La legge, peraltro, non poteva incidere retroattivamente sugli effetti

del giudicato già verificatisi e, pertanto, stabilì che gli importi da esso riconosciuti

rimanessero attribuiti ad personam e fossero in futuro riassorbiti con la normale

progressione economica e nelle funzioni, con ciò intendendo che i magistrati che

avevano conseguito i benefici del giudicato non avessero aumenti di stipendio

fino a che il loro superiore trattamento non si fosse portato a livello dei colleghi

con pari qualifica ed anzianità di servizio.

Senonché, contro il chiaro dettato della legge il Ministero di Grazia

e Giustizia, con provvedimenti adottati nel 1985 dal Direttore Generale per

l’organizzazione giudiziaria, tolse di colpo ai magistrati in possesso del giudicato i

6 scatti di anzianità figurativi da esso riconosciuti e nel contempo ordinò il

recupero delle somme ad essi corrisposte a titolo di arretrati.

Il provvedimento fu impugnato dagli interessati e nel 2005, dopo un

sentenza dichiarativa di inammissibilità del ricorso emessa nel 1995 dal TAR del

Lazio, il Consiglio di Stato ha riconosciuto che gli arretrati non potevano essere

recuperati e che i ricorrenti avevano diritto a mantenere con progressivo

riassorbimento gli scatti di anzianità figurativi attribuiti dal giudicato del 1984.
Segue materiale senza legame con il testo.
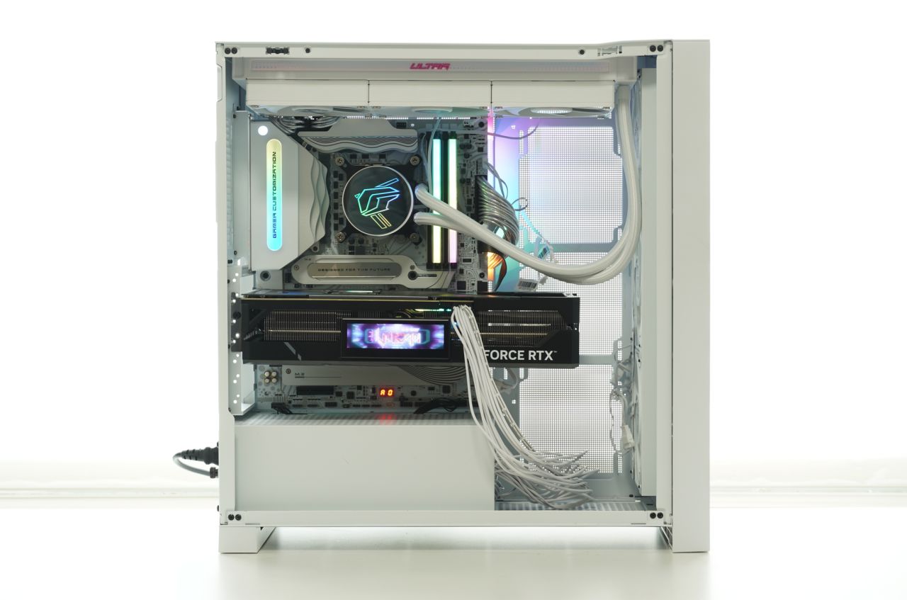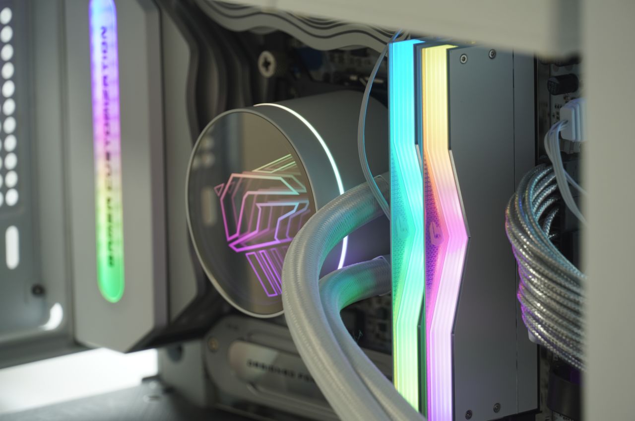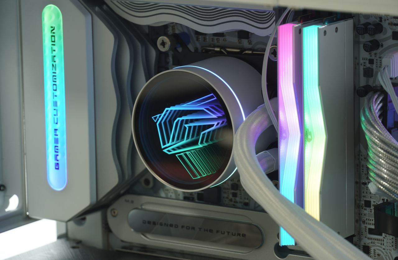 ▲iGame LQ360 Ultra W采用了“深渊镜”ARGB灯效凸显iGame LOGO,侧边有额外同步灯圈设计,风扇也采用了Ultra家族产品线专属的饰条。水冷采用了纯铜底座、可提供3000R澎湃动力的9极高速马达与加密型的360水排,散热性能也十分优秀,实测可以为不手动超频的i9-14900K提供充足的散热能力。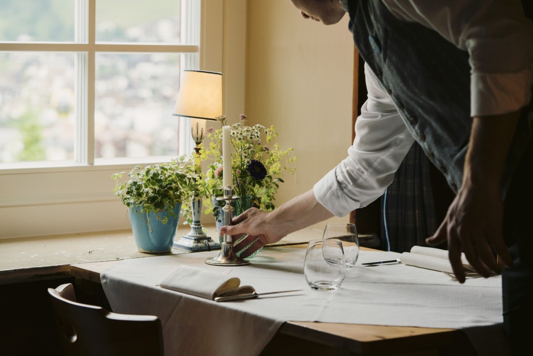 La locanda Ladinia è rimasta il rifugio di Cesco. Come se il filo della memoria che unisce il passato al presente non si fosse mai spezzato. Una casa nel mezzo del vecchio paese. Una delle più antiche. Vista sul Sassongher. È il 1930 quando Cesco Kostner decide di trasformarla in una piccola pensione. Licenza numero uno. Un pezzo di storia che ancora vive. Nei legni che scricchiolano, nei pochi oggetti che parlano, nella luce che filtra con delicatezza dalle finestre incorniciate, nell’intimità che si respira. Qui tutto sembra sospeso, come se il tempo avesse trovato un buon riparo. Più che una casa, è un rifugio per il corpo e per l’anima. Queste sono le ragioni che hanno spinto la famiglia Costa a donare nuova energia a un ambiente autentico, di una semplicità che rasenta la poesia.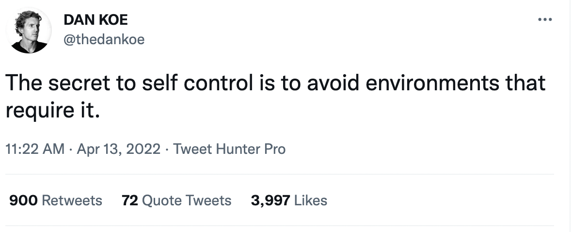 πͺπ»Achieve outcome by avoiding badTemplate:The secret to {difficultThing} is to {avoidNeedCompletely}Sample:The secret to self control is to avoid environments thatrequire it.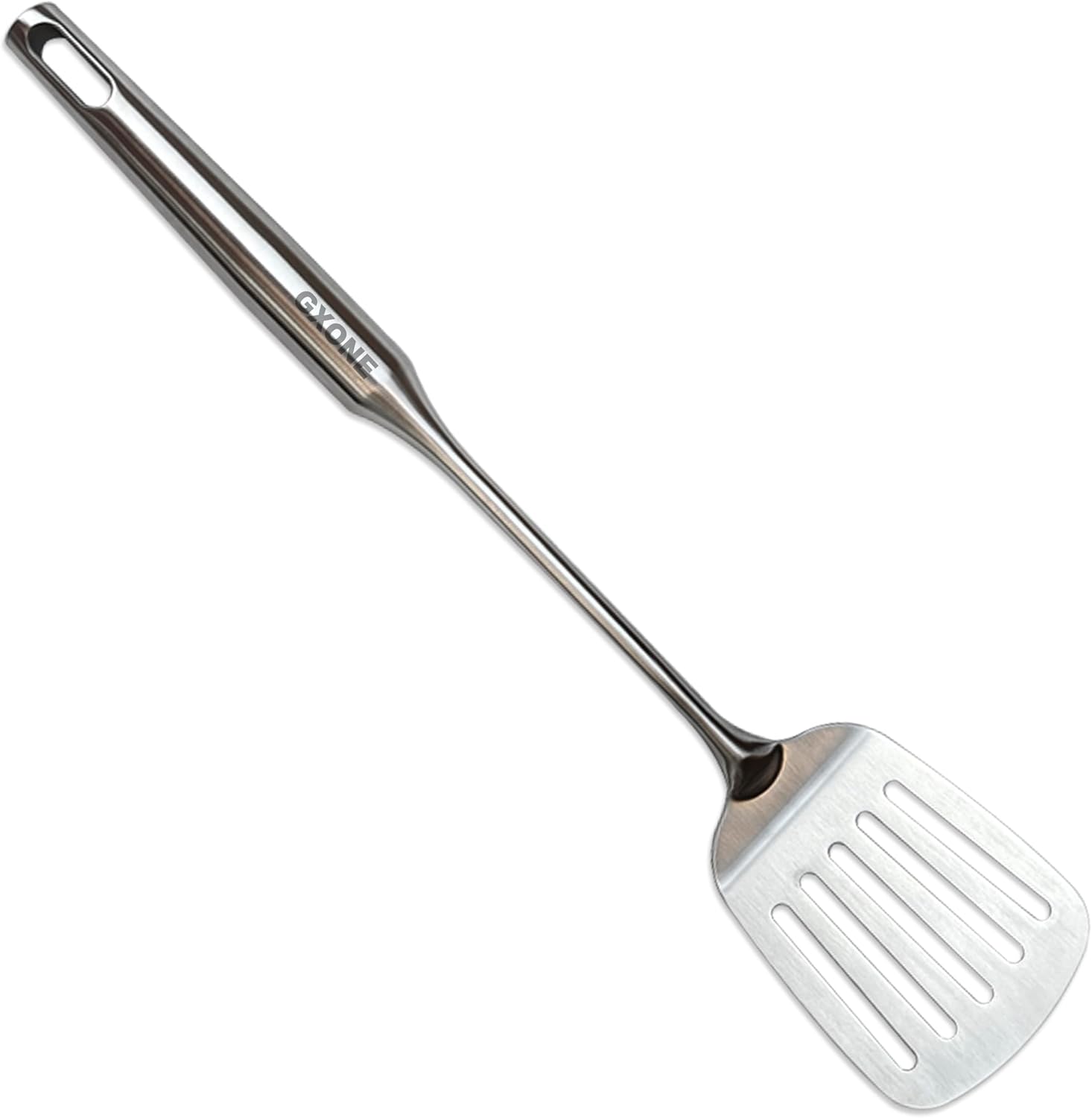 - ❀ [REASONABLE SIZE]:14.9-inch in length,3.1-inch in width,Thick feeling mean our stainless steel Slotted Turner greater control in the kitchen.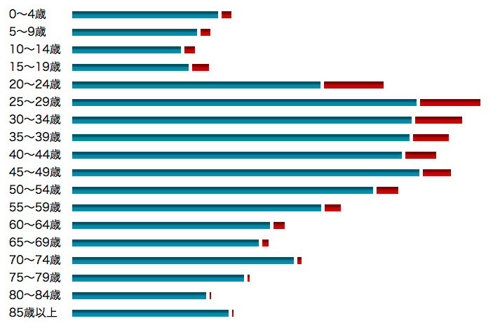 25〜29歳 | 28,855 | 24,548 | 4,307 (14.9 %) |

Nel momento in cui scrivo (giugno 2011), a distanza di 28 anni, io e i

miei colleghi ricorrenti, nonostante un giudizio di ottemperanza e la scadenza di

tre termini, di cui l’ultimo perentorio, concessi dal Consiglio di Stato al Ministero

della Giustizia e la nomina di due Commissari ad acta nominati rispettivamente

nella persona del Ragioniere Generale dello Stato o di un funzionario da lui

delegato e di un Presidente di Sezione del Consiglio di Stato in pensione, non

siamo ancora riusciti ad ottenere quanto negato dal Ministero con il

provvedimento del 1985 annullato nel 2005.